§ PROBLEM REQUIREMENTS: Give an unaltered copy of the listing below, minus its pictures.

§ COLLECTED MATERIAL:
═══

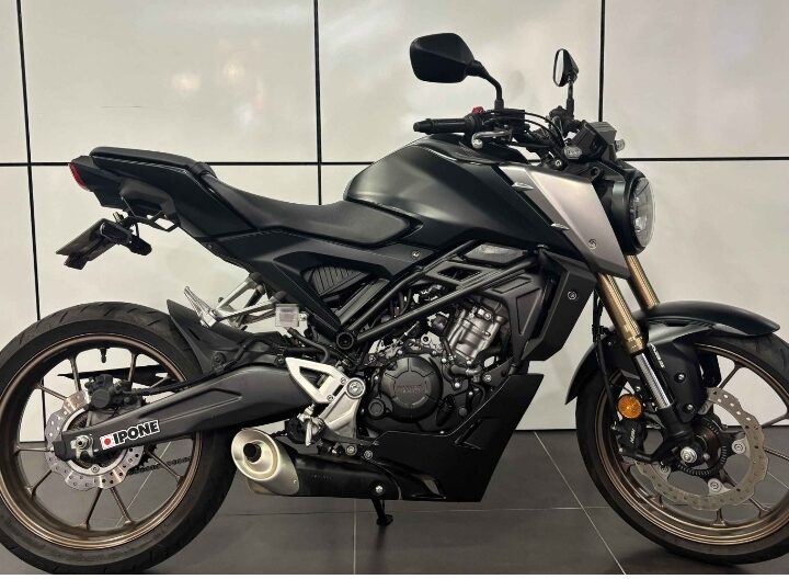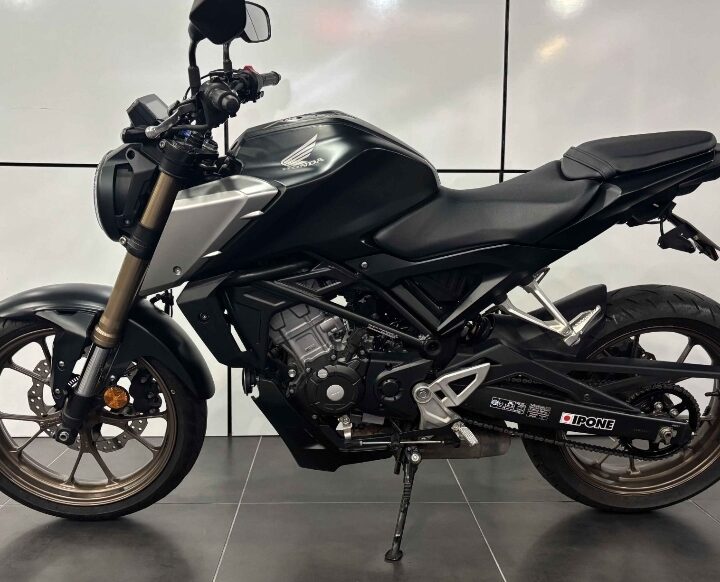Moto équipée d’un support de plaque court.
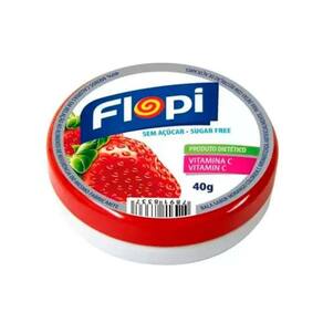 Bala Flopi sem açúcar sabor morango colorida e aromatizada artificialmente. Para dietas com restrição de açúcares. Peso líquido total 40 gramas.
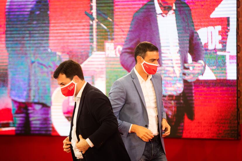 El complicado devenir económico tras la crisis del coronavirus marcó buena parte del discurso del jefe del Ejecutivo, que vaticinó tiempos turbulentos en lo económico y en lo social. Para la gestión de ese complejo futuro, el presidente invitó a escoger entre “el sálvese quien pueda” con el que identificó al PP o el “que nadie se quede atrás” que atribuyó al PSOE. Estos son, según Sánchez, los dos modelos que se miden las caras ahora en estas elecciones autonómicas que se celebran el próximo domingo en Galicia y el País Vasco pero que le sirvieron para extender ese dilema a nivel general.
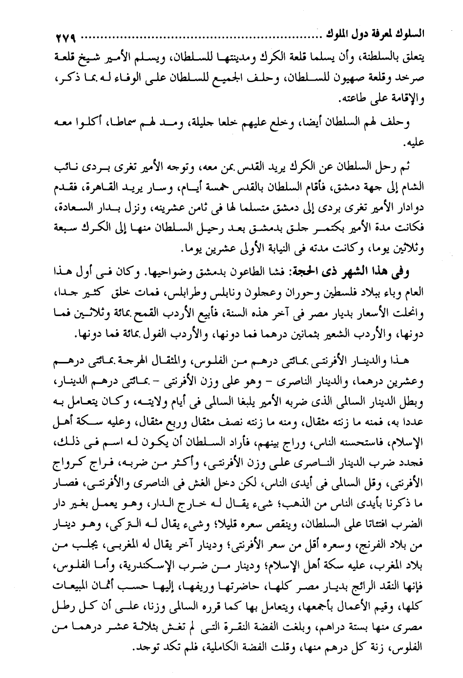 يتَعَلَّق بالسلطة وَأَن يسلما قلعة الكرك ومدينتها للسُّلْطَان وَيسلم الْأَمِير شيخ قلعة صرخد وقلعة صهيون للسُّلْطَان وَحلف الْجَمِيع للسُّلْطَان على الْوَفَاء لَهُ بِمَا ذكر وَالْإِقَامَة على طَاعَته. ثمَّ رَحل السُّلْطَان عَن الكرك يُرِيد الْقُدس بِمن مَعَه وَتوجه الْأَمِير تغري بردى نَائِب الشَّام إِلَى جِهَة دمشق فَأَقَامَ السُّلْطَان بالقدس خَمْسَة أَيَّام وَسَار يُرِيد الْقَاهِرَة فَقدم دوادار الْأَمِير تغري بردى إِلَى دمشق متسلماً لَهَا فِي ثامن عشرينه وَنزل بدار السَّعَادَة فَكَانَت مُدَّة الْأَمِير بكتمر جلق بِدِمَشْق بعد رحيل السُّلْطَان مِنْهَا إِلَى الكرك سَبْعَة وَثَلَاثِينَ يَوْمًا وَكَانَت مدَّته فِي النِّيَابَة الأولى عشْرين يَوْمًا. وَفِي هَذَا الشَّهْر ذِي الْحجَّة: فَشَا الطَّاعُون بِدِمَشْق وضواحيها. وَكَانَ فِي أول هَذَا الْعَام وباء بِبِلَاد فلسطين وحوران وعجلون ونابلس وطرابلس فَمَاتَ خلق كثير جدا وانحلت الأسعار بديار مصر فِي آخر هَذِه السّنة فأبيع الأردب الْقَمْح بِمِائَة وَثَلَاثِينَ فَمَا دونهَا والأردب الشّعير بِثَمَانِينَ درهما فَمَا دونهَا والأردب الفول بِمِائَة فَمَا دونهَا. هَذَا وَالدِّينَار الأفرنتي بِمِائَتي دِرْهَم من الْفُلُوس والمثقال الهرجة بِمِائَتي دِرْهَم وَعشْرين درهما وَالدِّينَار الناصري - وَهُوَ على وزن الأفرنتي - بِمِائَتي دِرْهَم الدِّينَار وَبَطل الدِّينَار السالمي الَّذِي ضربه الْأَمِير يلبغا السالمي فِي أَيَّام ولَايَته وَكَانَ يتعامل بِهِ عددا بِهِ فَمِنْهُ مَا زنته مِثْقَال وَمِنْه مَا زنته نصف مِثْقَال وَربع مِثْقَال وَعَلِيهِ سكَّة أهل الْإِسْلَام فَاسْتَحْسَنَهُ النَّاس وراج بَينهم فَأَرَادَ السُّلْطَان أَن يكون لَهُ اسْم فِي ذَلِك فجدد ضرب الدِّينَار الناصري على وزن الأفرنتي وَأكْثر من ضربه فراج كرواج الأفرنتي وَقل السالمي فِي أَيدي النَّاس لَكِن دخل الْغِشّ فِي الناصري والأفرنتي فَصَارَ مَا ذكرنَا بأيدي النَّاس من الذَّهَب شَيْء يُقَال لَهُ خَارج الدَّار وَهُوَ يعْمل بِغَيْر دَار الضَّرْب افتئاتا على السُّلْطَان وَينْقص سعره قَلِيلا وَشَيْء يُقَال لَهُ التركي وَهُوَ دِينَار من بِلَاد الفرنج وسعره أقل من سعر الأفرنتي ودينار آخر يُقَال لَهُ المغربي يجلب من بِلَاد الْمغرب عَلَيْهِ سكَّة أهل الْإِسْلَام ودينار من ضرب الْإسْكَنْدَريَّة وَأما الْفُلُوس فَإِنَّهَا النَّقْد الرائج بديار مصر كلهَا حاضرتها وريفها إِلَيْهَا حسب أَثمَان المبيعات كلهَا وقيم الْأَعْمَال بأجمعها ويتعامل بهَا كَمَا قَرَّرَهُ السالمي وزنا على أَن كل رَطْل مصري مِنْهَا بِسِتَّة دَرَاهِم وَبَلغت الْفضة النقرة الَّتِي لم تغش بِثَلَاثَة عشر درهما من الْفُلُوس زنة كل دِرْهَم مِنْهَا وَقلت الْفضة الكاملية فَلم تكد تُوجد.

═══

§ ANSWER BOX:
Moto équipée d’un support de plaque court.
 Bala Flopi sem açúcar sabor morango colorida e aromatizada artificialmente. Para dietas com restrição de açúcares. Peso líquido total 40 gramas.
 El complicado devenir económico tras la crisis del coronavirus marcó buena parte del discurso del jefe del Ejecutivo, que vaticinó tiempos turbulentos en lo económico y en lo social. Para la gestión de ese complejo futuro, el presidente invitó a escoger entre “el sálvese quien pueda” con el que identificó al PP o el “que nadie se quede atrás” que atribuyó al PSOE. Estos son, según Sánchez, los dos modelos que se miden las caras ahora en estas elecciones autonómicas que se celebran el próximo domingo en Galicia y el País Vasco pero que le sirvieron para extender ese dilema a nivel general.
 يتَعَلَّق بالسلطة وَأَن يسلما قلعة الكرك ومدينتها للسُّلْطَان وَيسلم الْأَمِير شيخ قلعة صرخد وقلعة صهيون للسُّلْطَان وَحلف الْجَمِيع للسُّلْطَان على الْوَفَاء لَهُ بِمَا ذكر وَالْإِقَامَة على طَاعَته. ثمَّ رَحل السُّلْطَان عَن الكرك يُرِيد الْقُدس بِمن مَعَه وَتوجه الْأَمِير تغري بردى نَائِب الشَّام إِلَى جِهَة دمشق فَأَقَامَ السُّلْطَان بالقدس خَمْسَة أَيَّام وَسَار يُرِيد الْقَاهِرَة فَقدم دوادار الْأَمِير تغري بردى إِلَى دمشق متسلماً لَهَا فِي ثامن عشرينه وَنزل بدار السَّعَادَة فَكَانَت مُدَّة الْأَمِير بكتمر جلق بِدِمَشْق بعد رحيل السُّلْطَان مِنْهَا إِلَى الكرك سَبْعَة وَثَلَاثِينَ يَوْمًا وَكَانَت مدَّته فِي النِّيَابَة الأولى عشْرين يَوْمًا. وَفِي هَذَا الشَّهْر ذِي الْحجَّة: فَشَا الطَّاعُون بِدِمَشْق وضواحيها. وَكَانَ فِي أول هَذَا الْعَام وباء بِبِلَاد فلسطين وحوران وعجلون ونابلس وطرابلس فَمَاتَ خلق كثير جدا وانحلت الأسعار بديار مصر فِي آخر هَذِه السّنة فأبيع الأردب الْقَمْح بِمِائَة وَثَلَاثِينَ فَمَا دونهَا والأردب الشّعير بِثَمَانِينَ درهما فَمَا دونهَا والأردب الفول بِمِائَة فَمَا دونهَا. هَذَا وَالدِّينَار الأفرنتي بِمِائَتي دِرْهَم من الْفُلُوس والمثقال الهرجة بِمِائَتي دِرْهَم وَعشْرين درهما وَالدِّينَار الناصري - وَهُوَ على وزن الأفرنتي - بِمِائَتي دِرْهَم الدِّينَار وَبَطل الدِّينَار السالمي الَّذِي ضربه الْأَمِير يلبغا السالمي فِي أَيَّام ولَايَته وَكَانَ يتعامل بِهِ عددا بِهِ فَمِنْهُ مَا زنته مِثْقَال وَمِنْه مَا زنته نصف مِثْقَال وَربع مِثْقَال وَعَلِيهِ سكَّة أهل الْإِسْلَام فَاسْتَحْسَنَهُ النَّاس وراج بَينهم فَأَرَادَ السُّلْطَان أَن يكون لَهُ اسْم فِي ذَلِك فجدد ضرب الدِّينَار الناصري على وزن الأفرنتي وَأكْثر من ضربه فراج كرواج الأفرنتي وَقل السالمي فِي أَيدي النَّاس لَكِن دخل الْغِشّ فِي الناصري والأفرنتي فَصَارَ مَا ذكرنَا بأيدي النَّاس من الذَّهَب شَيْء يُقَال لَهُ خَارج الدَّار وَهُوَ يعْمل بِغَيْر دَار الضَّرْب افتئاتا على السُّلْطَان وَينْقص سعره قَلِيلا وَشَيْء يُقَال لَهُ التركي وَهُوَ دِينَار من بِلَاد الفرنج وسعره أقل من سعر الأفرنتي ودينار آخر يُقَال لَهُ المغربي يجلب من بِلَاد الْمغرب عَلَيْهِ سكَّة أهل الْإِسْلَام ودينار من ضرب الْإسْكَنْدَريَّة وَأما الْفُلُوس فَإِنَّهَا النَّقْد الرائج بديار مصر كلهَا حاضرتها وريفها إِلَيْهَا حسب أَثمَان المبيعات كلهَا وقيم الْأَعْمَال بأجمعها ويتعامل بهَا كَمَا قَرَّرَهُ السالمي وزنا على أَن كل رَطْل مصري مِنْهَا بِسِتَّة دَرَاهِم وَبَلغت الْفضة النقرة الَّتِي لم تغش بِثَلَاثَة عشر درهما من الْفُلُوس زنة كل دِرْهَم مِنْهَا وَقلت الْفضة الكاملية فَلم تكد تُوجد.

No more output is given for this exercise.